Marnie Goss had only been with her partner for six months when she felt the need to have ‘the talk’. Her biological clock was ticking, and she knew that her time to fulfil her dream of becoming a mother was limited. She had no idea that that conversation was about to take her on a journey that would last years…
With a PCOS diagnosis complicating things, Marnie was advised to start IVF. “I remember the first night that I took the medication”, she recalls. “I sat on the bathroom floor for what felt like hours, trying to pluck up the courage to put those needles into my stomach. While Scott sat out in the loungeroom watching the news, unaware of what I was going through, I finally found my courage and put the needles in while the tears rolled down my cheeks. I am not sure why I cried that night but it was the first of many tears I shed on our journey.”
Infertility affects one in five Australian women. So while Marnie’s story is heartbreakingly common, it’s nothing short of extraordinary. Here, she shares the incredible lengths she went to, to finally become a mother.
Main image: Bianchi Photography
One thing that I have learned over the years is that no two roads to motherhood are the same...
Some have accidents and fall pregnant without even trying or wanting the baby, while others make the decision to try for a family and fall pregnant relatively easily on their own. There are others who take years and years filled with doctor’s appointments, miscarriages, blood tests, scans, needles, medication, vitamins, acupuncture, herbs and many, many tears. And then there are the women who experience the most heartbreaking and gut wrenching journey of them all. The journey where despite all of their best efforts and intentions, they fail to ever fall pregnant.
My journey to motherhood started a little later than most. While my friends were settling down and having babies, I spent my twenties living abroad and travelling the world, and my early thirties focused on my business. I always knew that I wanted to be a mother one day, but I always thought that I had time. It never occurred to me that falling pregnant was going to be difficult and may not be an option. When I think back to those days, I shake my head at how naïve I was.
I dated a lot of lovely guys during those years (some not so lovely) but there was never anyone I could see a future with or could imagine having children with. It wasn’t until I met Scott one Sunday morning, at a friend’s birthday celebrations, that things changed for me. We got off to a slow start but the more time I spent with this kind and gentle soul who always made me laugh, I knew he was the one for me. The more time I spent with Scott, the louder the clock started ticking in my ear. Given my age, I knew we would need to act soon if children were in our future – but how do you tell someone you have only been dating for 6 months that you need to start thinking about children? He would either run for the hills or he would join the conversation. Thankfully, my kind and gentle soul joined the conversation. I had been told years earlier that due to PCOS, my only chance of having children would be through IVF. So whilst Scott wasn’t quite ready for children, he agreed to undergo a round of IVF to freeze embryos for when he was ready.

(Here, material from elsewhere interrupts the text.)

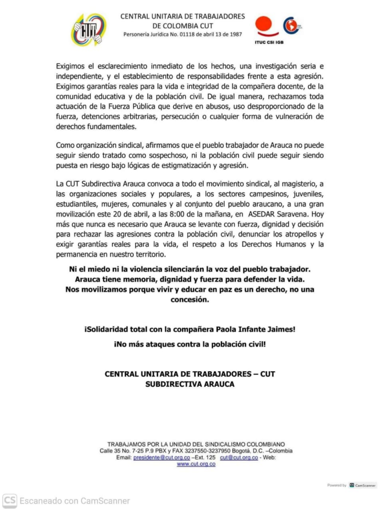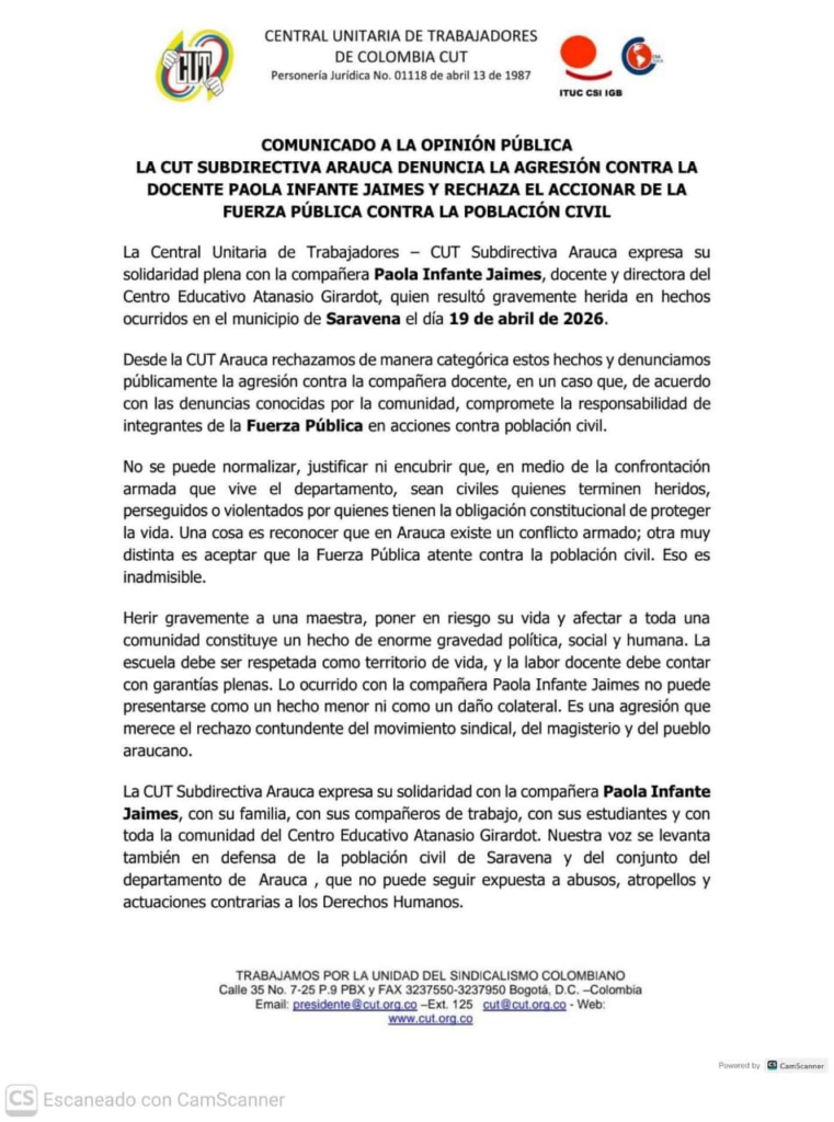 Por su parte, la Central Unitaria de Trabajadores (CUT) subdirectiva Arauca rechazó el ataque y advirtió sobre posibles responsabilidades de agentes estatales, insistiendo en que “la violencia no puede normalizarse” ni justificarse en medio del conflicto armado.

“ How do you tell someone you have only been dating for 6 months that you need to start thinking about children? ”
We researched IVF clinics and visited a lovely doctor who came highly recommended to us. We sat down at our first appointment and as he read out the statistics, a bead of sweat slowly trickled down my back. The realisation set in that this journey wasn’t going to be easy. However, I was determined and confident that we would be one of the couples who succeeded. Those early days of tests and scans were a blur, and we finally started our treatment which required injecting medication through needles into my stomach. I remember the first night that I took the medication, I sat on the bathroom floor for what felt like hours, trying to pluck up the courage to put those needles into my stomach. While Scott sat out in the loungeroom watching the news, unaware of what I was going through, I finally found my courage and put the needles in while the tears rolled down my cheeks. I am not sure why I cried that night but it was the first of many tears I shed on our journey. After two weeks of injecting needles every night, blood tests and internal ultrasounds every two days to check on my follicle growth, we were finally ready for egg collection. I took my trigger injection and 36 hours later, we were ready for collection and took ourselves off to hospital for the procedure. While Scott was taken away to provide his sample and I joked about the fancy movie he was about to watch, I was handed a cap and gown and taken to the waiting room. After what seemed like an eternity, I was taken into the operating theatre while the anaesthetist started getting ready. The sheer number of people in the room that day was terrifying. How could there be so many people here to collect my eggs? The nerves kicked in and I begged the anaesthetist to knock me out quickly so that I didn’t have to think about it any longer.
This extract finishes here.